> DIRECTIONS FOR THIS TASK
Go through the listing below and retype exactly the lines starting at the one with "6、選擇音頻曲線預設,可以自由選擇自然、交響、流行、重低音進入調音" and ending at the one with "Got a screenshot", skipping pictures.

> MATERIAL PROVIDED
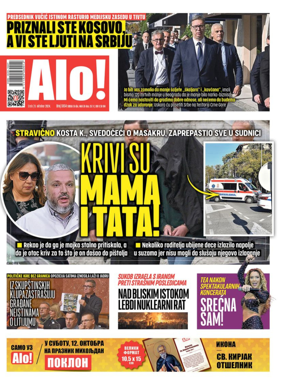 Dnevne novine u Srbiji za sredu, 9. oktobar 2024. godine, na naslovnim stranama najavljuju brojne aktuelne društveno-političke teme i donose ekskluzivne priče.
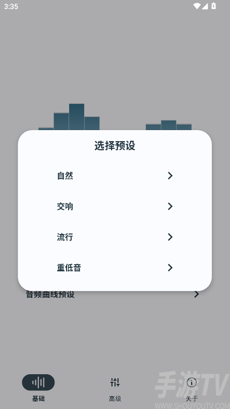 6、選擇音頻曲線預設,可以自由選擇自然、交響、流行、重低音進入調音
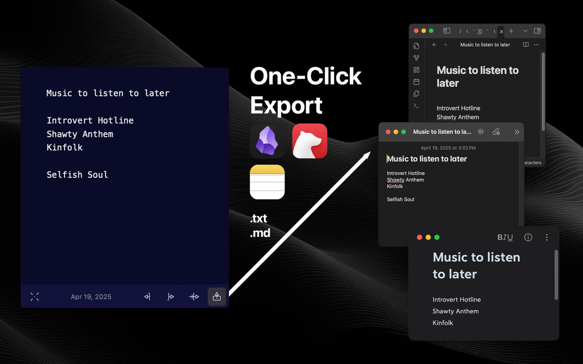 Got a screenshot with some text you want to copy? No need for a separate OCR tool! Just drag and drop the image into Antinote to extract the text quickly and effortlessly. Great for things that are hard to copy and paste, such as the Terminal or the Finder, or a Zoom screen share.
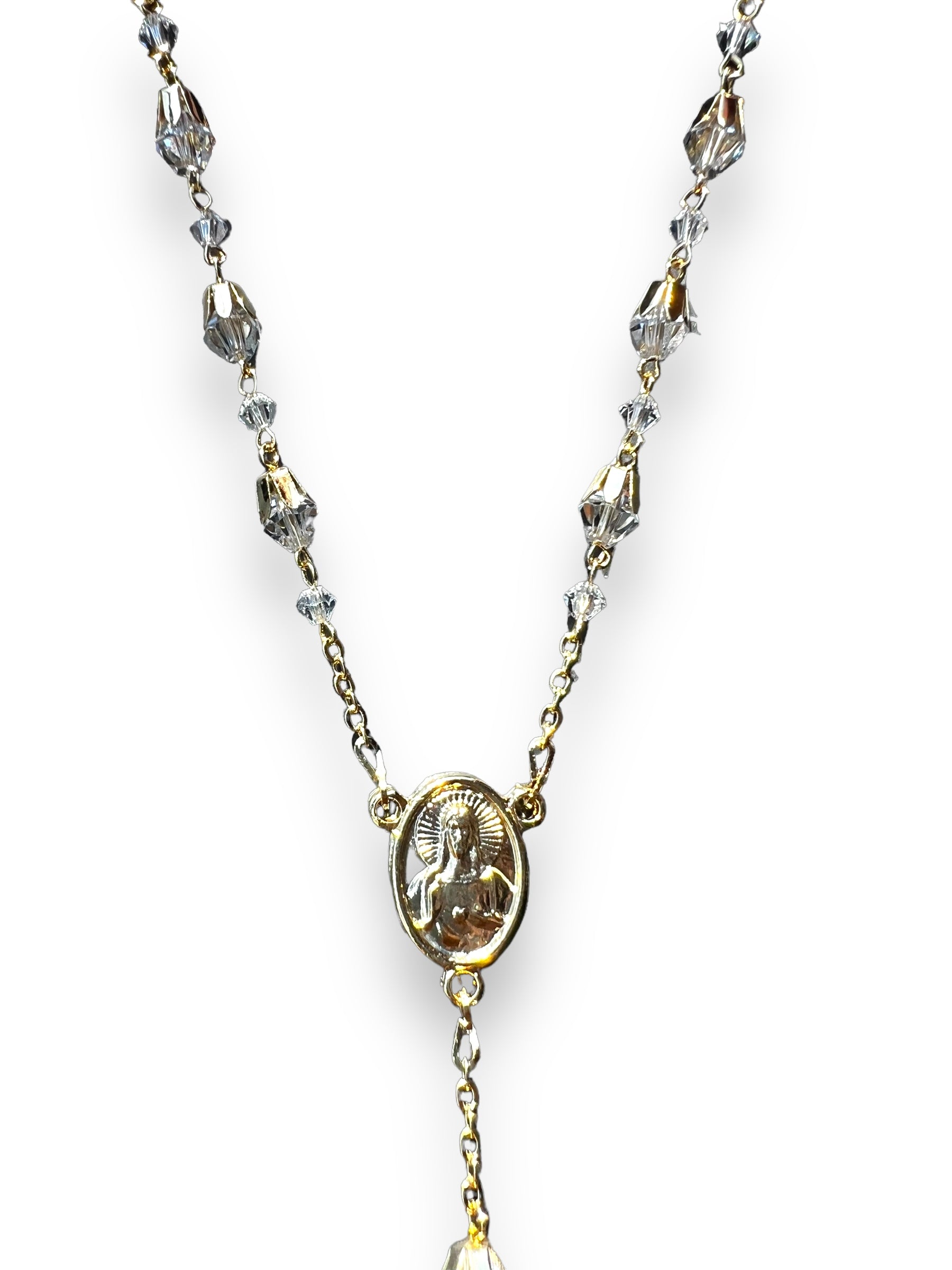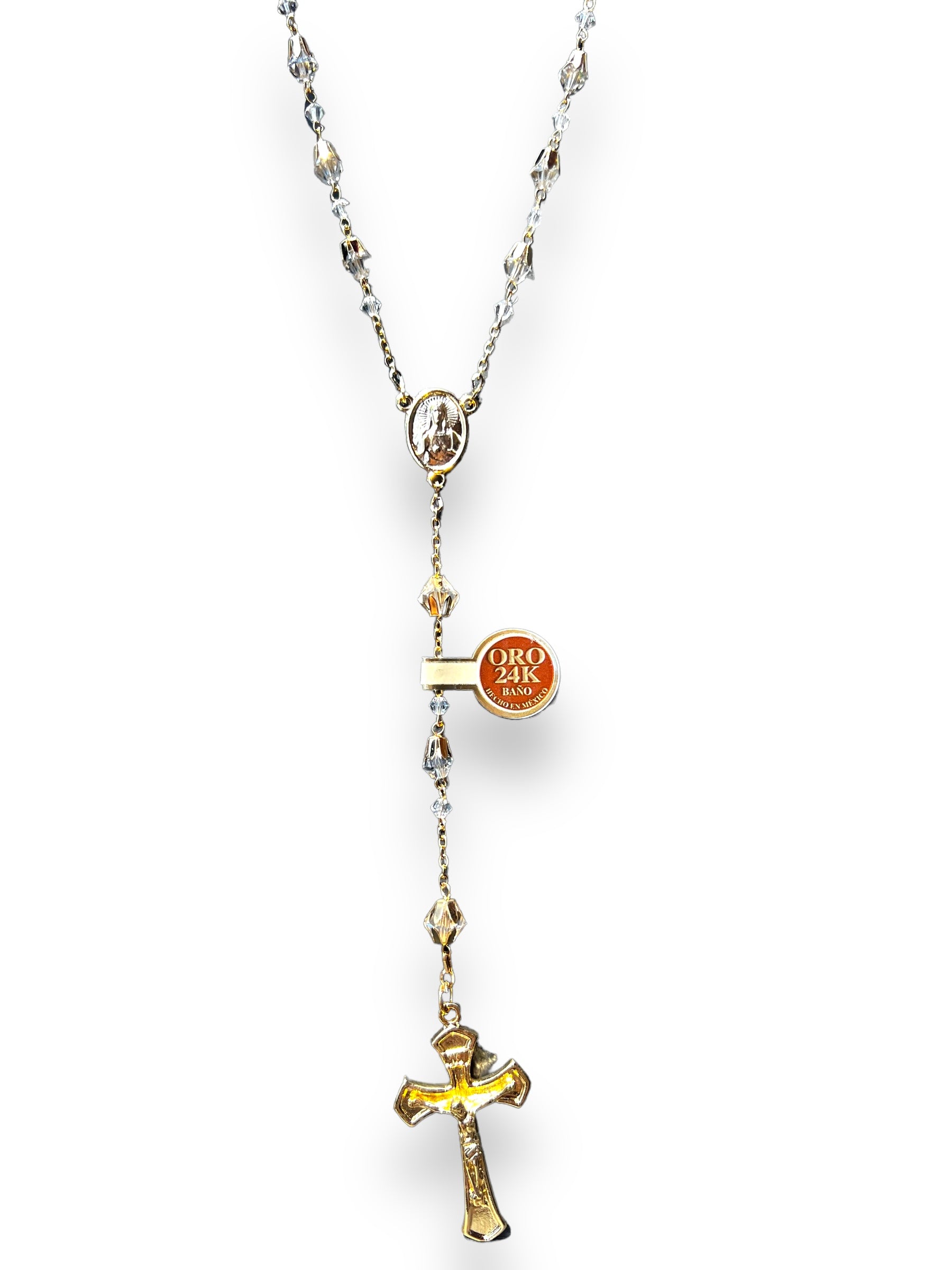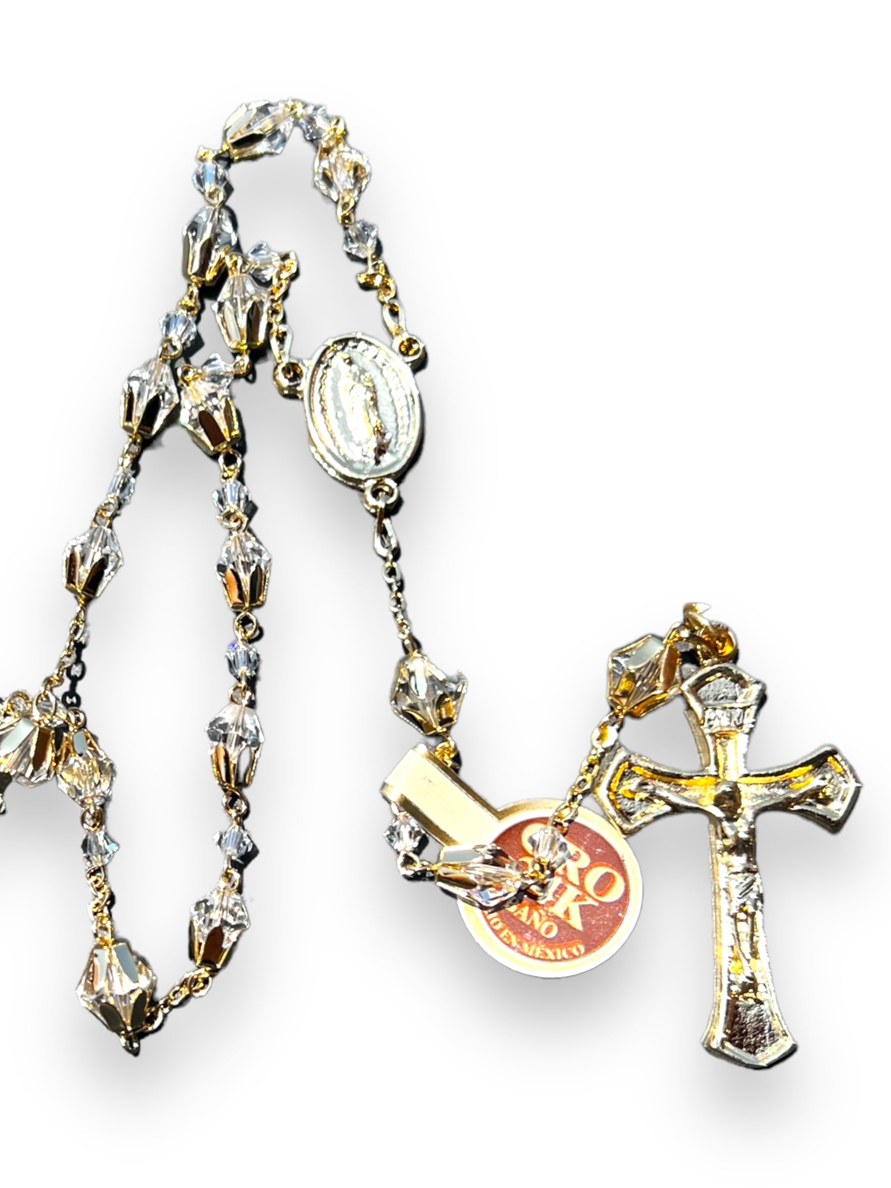 Rosario de cristal cortado en cadena italiana. Cuenta mide 6mm, con casquillo y forma de lágrima. Crucero muestra Virgen de Guadalupe/Sagrado Corazón de Jesús.

> ANSWER SECTION
 6、選擇音頻曲線預設,可以自由選擇自然、交響、流行、重低音進入調音
 Got a screenshot with some text you want to copy? No need for a separate OCR tool! Just drag and drop the image into Antinote to extract the text quickly and effortlessly. Great for things that are hard to copy and paste, such as the Terminal or the Finder, or a Zoom screen share.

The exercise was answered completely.